In my case, "Newton" is still at Stage One (we haven't even seen her on stage yet, although she was invented by one of the PCs - the Hocus - so we know one of her connections already), and I'm looking at taking her to Stage Two, in terms of your framework here.

I had hoped to jump directly to Stage Three, I suppose, by creating a situation where another PC (the Savvyhead) was going to have to deal with her, establishing some kind of relationship. Unfortunately, the PC chose to delegate this business to some NPCs, who are now running off after her. Hence my need to think about how to handle a rather important situation/scene "offscreen".

Do you have any specific ideas on how to develop her further along the lines of your framework in a short timeframe? She's geographically separated from the PCs (being abducted, currently, and across a river which isn't easily crossed), so framing them into a scene together isn't entirely obvious here. A custom move, love letter, or clever MC move seems more appropriate here.
Title: Re: Crow's Flats: Skyfall - A Scenario and brief AP
Post by: Ebok on January 16, 2018, 09:16:21 PM
I wasn't saying this is the only way to use Love Letters, just that I've found it works out pretty consistently.
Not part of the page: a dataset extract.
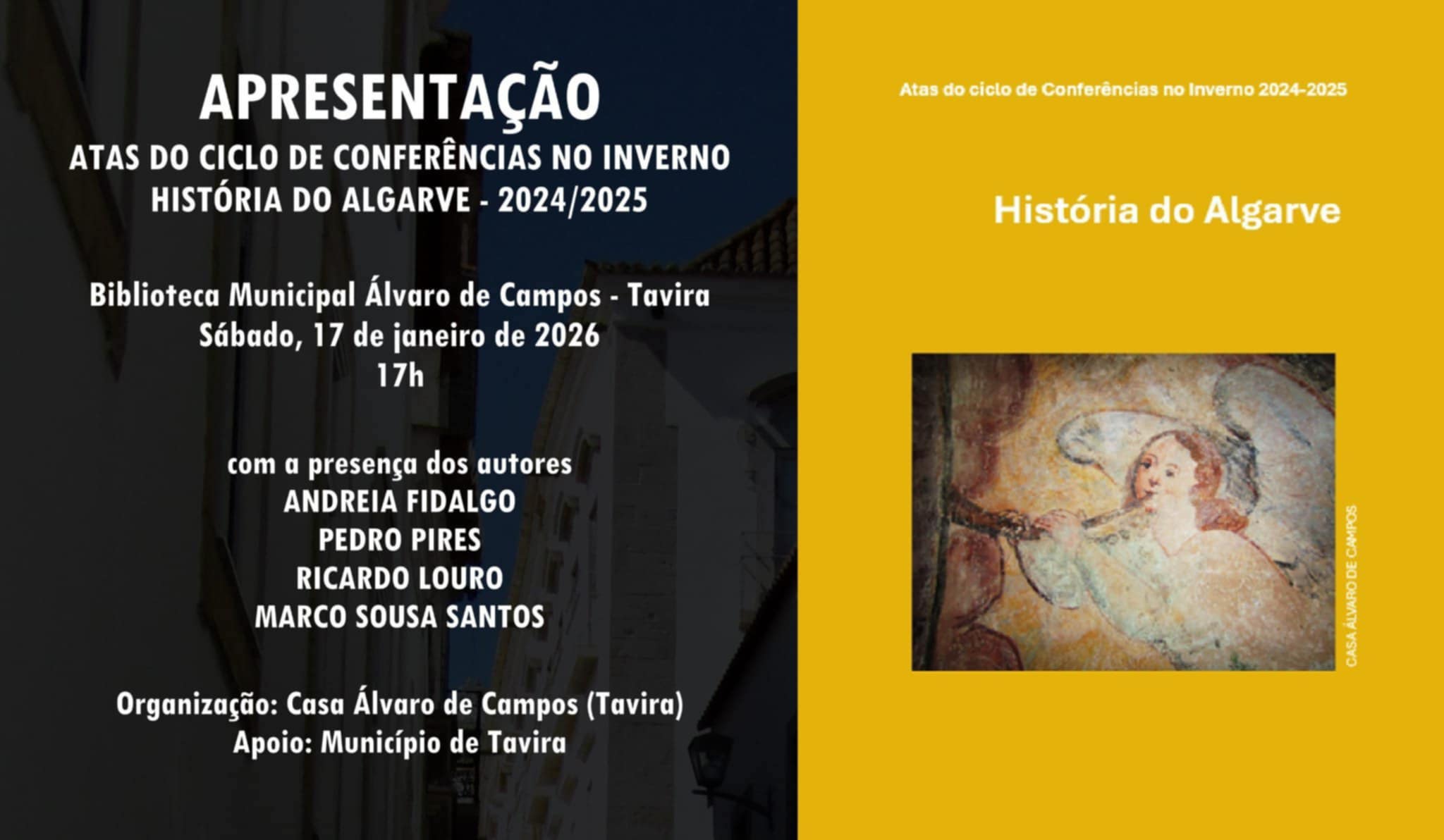 No sábado, 17 de janeiro, pelas 17:00, a Biblioteca Municipal Álvaro de Campos acolhe a apresentação das Atas do Ciclo de Conferências no Inverno – História do Algarve 2024/2025. A sessão conta com a presença dos autores Andreia Fidalgo, Pedro Pires, Ricardo Louro e Marco Sousa Santos, numa iniciativa organizada pela Casa Álvaro de Campos, com o apoio do Município de Tavira.

As for Newton. I mean, she's just an idea right now. My first reaction would be that the strings attached to her with the other factions are more important than she is at the moment, and by bringing focus on them you point to their strings to her and thus create more player interest. In the end, it's the players that elevate NPCs through these stages. Right now, what makes her interesting has nothing to do with her, but her position. So my honest suggestion is to make that position more interesting by bringing the players into that drama.

If you don't want to do this, and you want to bring them into contact with her immediately, then my suggestion would be to bring her back to the players in such a way that forces hard decisions. Make them choose what to do, what to lose, or what to get. Since the player delegated when it could've been him, that, in the vein of AW, is ripe for ALL KINDS of shit to go wrong.
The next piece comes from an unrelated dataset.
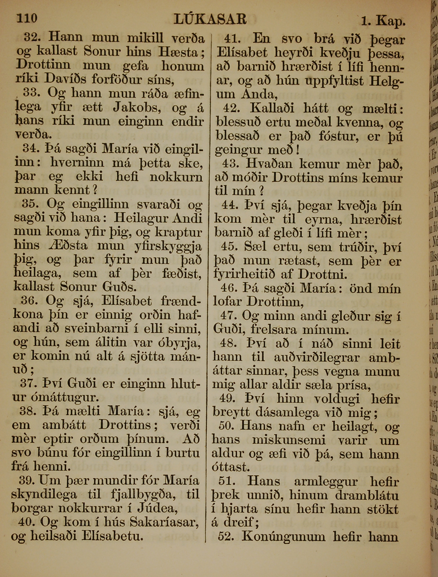 1863年冰岛语新约全书 路加福音 1 章 32 节到 1 章 52 节
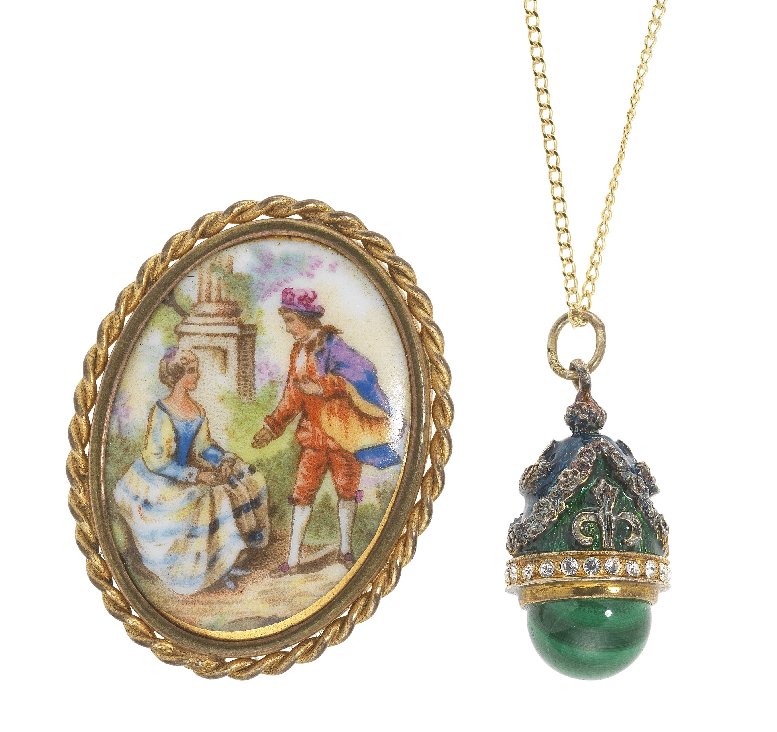 Serti d'une malachite et de pierres d'imitation, retenu par une...

What I wonder about is if she wasn't stolen away from someone she loves--someone with a less then favorable opinion of our Hocus sullying her, or his deal to sell her. So if I brought her back, I might do it by force, with her in tears, and the surviving one or two of the NPCs being all like, hey--boss, I don't think those folk is giving up. Then let the players decide what to do.

Still, though, it depends on your fiction, your cult, I don't know these things. But I can say that you should make the most of anything interesting you got on screen--just don't overestimate the importance of someone st stage 1. The stages represent player involvement after all, and no involvement often means no attachment to what happens.
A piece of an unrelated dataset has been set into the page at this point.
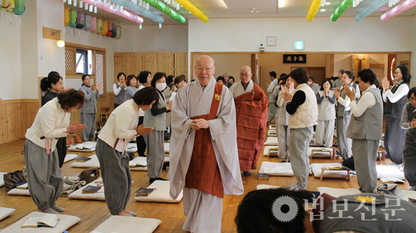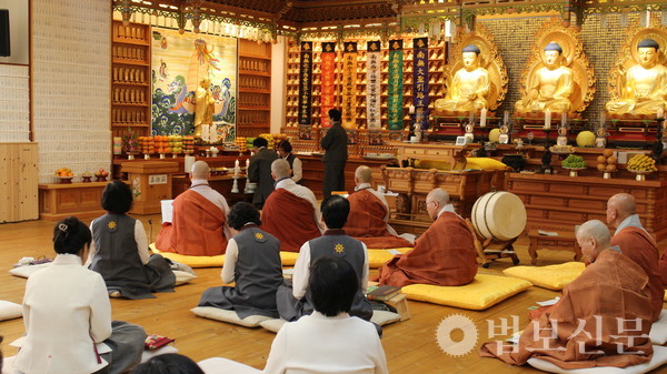 À̳¯ ¹ý¼®¿¡´Â Àü Á¶°èÁ¾ °í½ÃÀ§¿øÀå Áö¾È ´ëÁ¾»ç°¡ ¹ý¹®À» ¼³ÇØ Á¡¾È ´ë¹ýȸÀÇ Àǹ̸¦ ´õ¿í ±í°Ô Çß´Ù. Áö¾È ½º´ÔÀº ¹Ý¾ß½É°æ ù ±¸ÀýÀ» ÀοëÇØ ¡°¸ðµç ¼öÇàÀº ±Ã±ØÀûÀ¸·Î ¹Ù¶ó¹ÐÇàÀ¸·Î ±Í°áµÈ´Ù¡±¸ç ¡°ºÎó´ÔÀÇ ¹ýÀº °í³À» ¿©ÀÈ ÀÚ¸®, Áï ÀÌ°íµæ¶ô(×îÍÈÔðäÅ)ÀÇ ±æÀ» Á¦½ÃÇÏ´Â °ÍÀ¸·Î, ºÒÀÚµéÀÌ ¸¶À½ÀÇ ¡®¾Ë ÁÙ ¾Æ´Â ÁöÇý(ò±)¡¯¿Í ¡®Á¤À» ³ª´©´Â ÀÚºñ(ï×)¡¯, ¡®¿ø·ÂÀ» ¼¼¿ì´Â ÀÇÁö(ëò)¡¯¸¦ Ű¿ö°¥ ¶§ »î Àüü°¡ ¹Ù¶ó¹ÐÇàÀÌ µÈ´Ù¡±°í °Á¶Çß´Ù. ÀÌ¾î ½º´ÔÀº ¡°Á¡¾È ºÒ»ç´Â °ð »õ·Î ÁöÀº ¹ý´ç°ú ¼º»óÀ» ºÎó´Ô ¼¼°è¿Í È£ÀÀÇÏ°Ô ÇÏ´Â ¼º½º·¯¿î Àǽġ±À̶ó¸ç ¡°¹Ù¶ó¹Ð¼±¿øÀÌ Áö¿ª¿¡¼ ±âµµ¡¤±³À°¡¤º¸½Ã¡¤ÇØ¿Ü Áö¿ø µî ´Ù¾çÇÑ ºÒ»ç¸¦ ÆîÃĿ °ÍÀº ¸ðµÎ ¹Ù¶ó¹ÐÇàÀÇ ½Çõ¡±À̶ó°í °Ý·ÁÇß´Ù.

Title: Re: Crow's Flats: Skyfall - A Scenario and brief AP
Post by: Paul T. on January 16, 2018, 11:20:54 PM
Ebok,

I found that last post of your harder to follow, but if I understand correctly, it sounds like we're talking about the same things. I like your suggestion of tying her situation in with another faction/Front/PC/NPC/someone, to complicate the situation.

If you meant something else by "my honest suggestion is to make that position more interesting by bringing the players into that drama", then let me know!
Title: Re: Crow's Flats: Skyfall - A Scenario and brief AP
Post by: Ebok on January 17, 2018, 01:37:00 AM
Yup.
Title: Re: Crow's Flats: Skyfall - A Scenario and brief AP
Post by: Paul T. on January 17, 2018, 04:48:05 PM
Groovy! Thanks.
Title: Re: Crow's Flats: Skyfall - A Scenario and brief AP
Post by: Paul T. on January 24, 2018, 06:05:41 PM
An update:

I've uploaded a new version of the Starter today. It has some more tips/advice and directions, based on my play experience with it, and an additional Love Letter.

I'm less sure about this particular, new Love Letter, and I'd love to hear some thoughts on it.

The good news is that, with four Letters, I feel much more comfortable saying that you don't need all of them in play, nor do all the players need one. (And, as you'll see, I've added some instructions to that effect.)